Евгений Соловьев - Достоевский. Его жизнь и литературная деятельность

Скачивание начинается... Если скачивание не началось автоматически, пожалуйста нажмите на эту ссылку.
Жалоба
Напишите нам, и мы в срочном порядке примем меры.
Описание книги "Достоевский. Его жизнь и литературная деятельность"
Описание и краткое содержание "Достоевский. Его жизнь и литературная деятельность" читать бесплатно онлайн.
Эти биографические очерки были изданы около ста лет назад в серии «Жизнь замечательных людей», осуществленной Ф.Ф.Павленковым (1839-1900). Написанные в новом для того времени жанре поэтической хроники и историко-культурного исследования, эти тексты сохраняют ценность и по сей день. Писавшиеся «для простых людей», для российской провинции, сегодня они могут быть рекомендованы отнюдь не только библиофилам, но самой широкой читательской аудитории: и тем, кто совсем не искушен в истории и психологии великих людей, и тем, для кого эти предметы – профессия.
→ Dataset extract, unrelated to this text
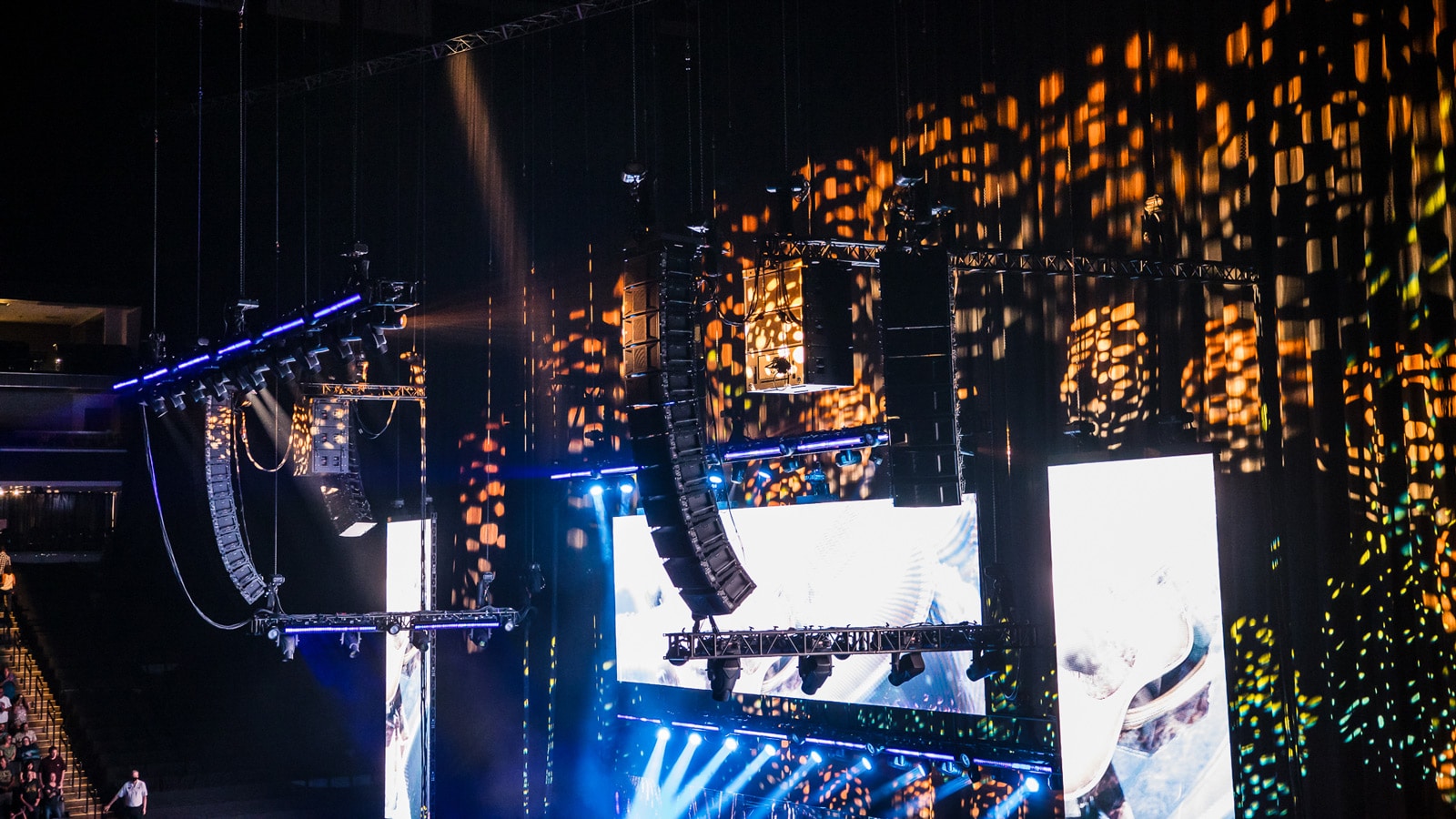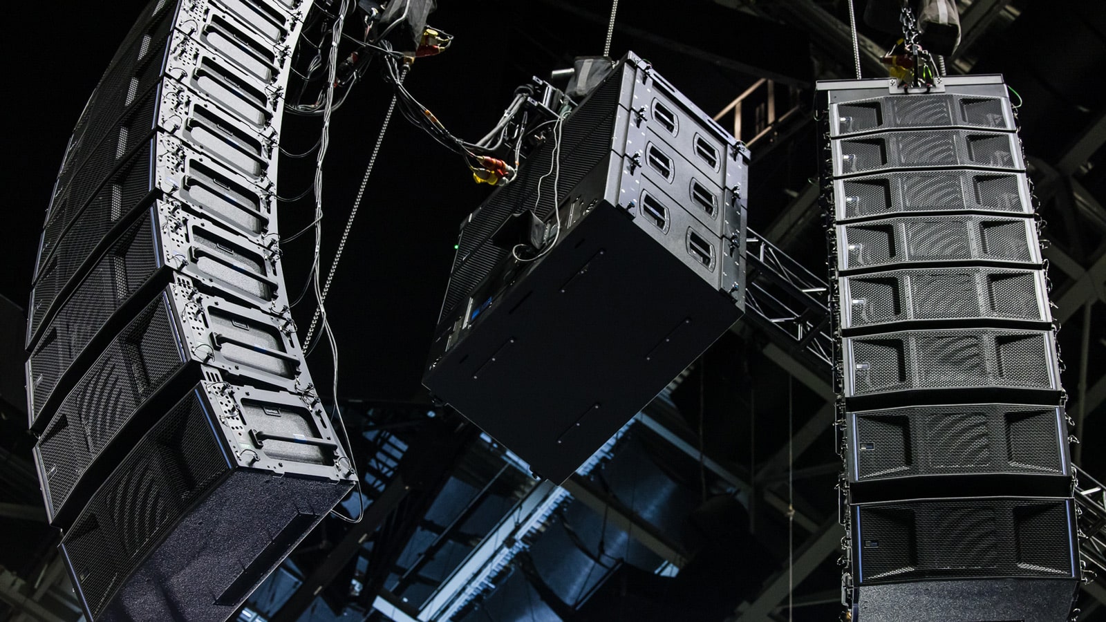 巡演采用了典型的體育場擴(kuò)聲系統(tǒng)配置,主擴(kuò)左右兩組陣列每組各由 12 只 PANTHER 線陣列音箱組成,搭配 12 只 1100-LFC 低頻控制單元增強(qiáng)低音。此外,側(cè)補(bǔ)聲陣列也采用了 PANTHER 音箱。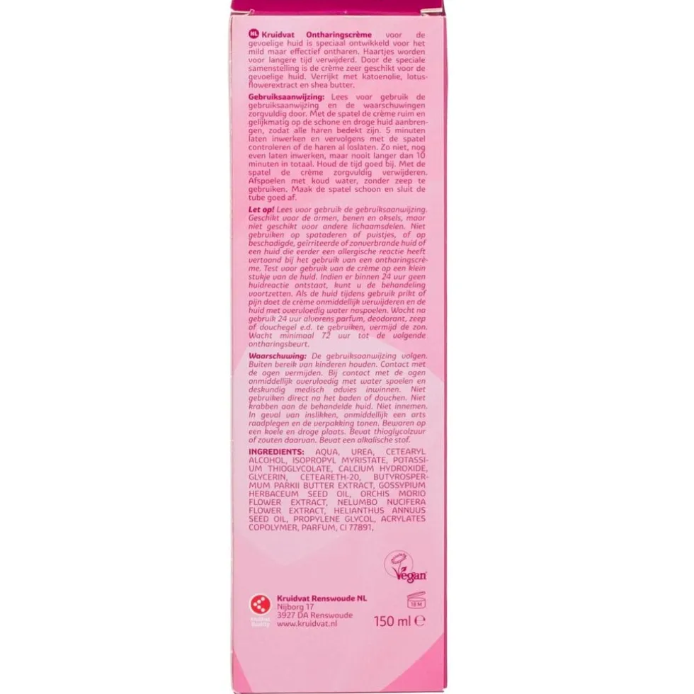 Maak thuis ontharen gemakkelijk met de Kruidvat Ontharingscrème voor de Gevoelige Huid. De haartjes worden voor langere tijd verwijderd en je hebt minder snel last van stoppeltjes.

Достоевский транжирил деньги всю свою жизнь и никогда не умел сводить концы с концами, разве что в самом конце жизни научился, и то благодаря жене. Кажется, умный был человек и прекрасно понимал, что эти вечные авансы, долги закабаляют его, подвергают массе унижений, делают рабом литературного рынка, а все же жил так, как будто сроку жизни только один день. Мотовство, конечно, недостаток с точки зрения пуризма и добродетели, но с другой, научной точки зрения, это уже болезнь. Что такое мот? Прежде всего, человек со слабой волей, с неодолимым влечением к покупкам, с такими прихотями и капризами, которые сразу вспыхивают в душе, сразу заполняют всю область сознания и требуют, чтобы их немедленно удовлетворяли. Тут и тщеславие, и сластолюбие; но суть не в них: суть именно в этой неодолимости мгновенных прихотей, в этом полном отсутствии дисциплины, воли, которая страдает от самой краткой отсрочки. «С этими влечениями к покупкам я не мог бороться, – рассказывает один психопат, – я не мог себя убедить. Я приходил в отчаяние, но оказывался бессильным». (См. «Современные психопаты» Кюллера, стр.96). И Достоевский приходил в отчаяние, постоянно даже пребывал в отчаянии и все же не мог поделать с собой ничего. Вечное безденежье – его хроническая мука. Он чувствовал себя немного лучше, спокойнее, когда в кармане были деньги, и между тем спешил пробросать их. Он стремился, как и всякий, к свободе, независимости, к самостоятельности, и сам постоянно всю жизнь закабалял себя. Завтрашний день, угроза нищеты тревожили его беспрестанно, однако он не принимал, не мог принять против них никаких мер. Прекрасно описано это душевное настроение в романе «Игрок», произведении, вообще говоря, слабом, но очень характерном для Достоевского. Никакой дисциплины у человека, ни малейшей возможности бороться с моментально зародившейся в душе прихотью. Это, конечно, болезнь. Но еще маленькое соображение, которого даже доказывать не берусь: Достоевский страдал неверием в себя: не давали ли ему эти траты, это бросание денег призрачного, мгновенного сознания своей силы. «Ведь могу же бросать я деньги, – рассуждал он, – сотни могу бросать… Не пария же, значит, я, не нищий»… А нищеты, необходимости «сократиться», войти в узкие рамки жизни он боялся больше всего. Он стремился в жизни к исключительному, особенному; обыденное пугало его, вызывало отвращение. К тому же и тщеславия в нем было более чем следует.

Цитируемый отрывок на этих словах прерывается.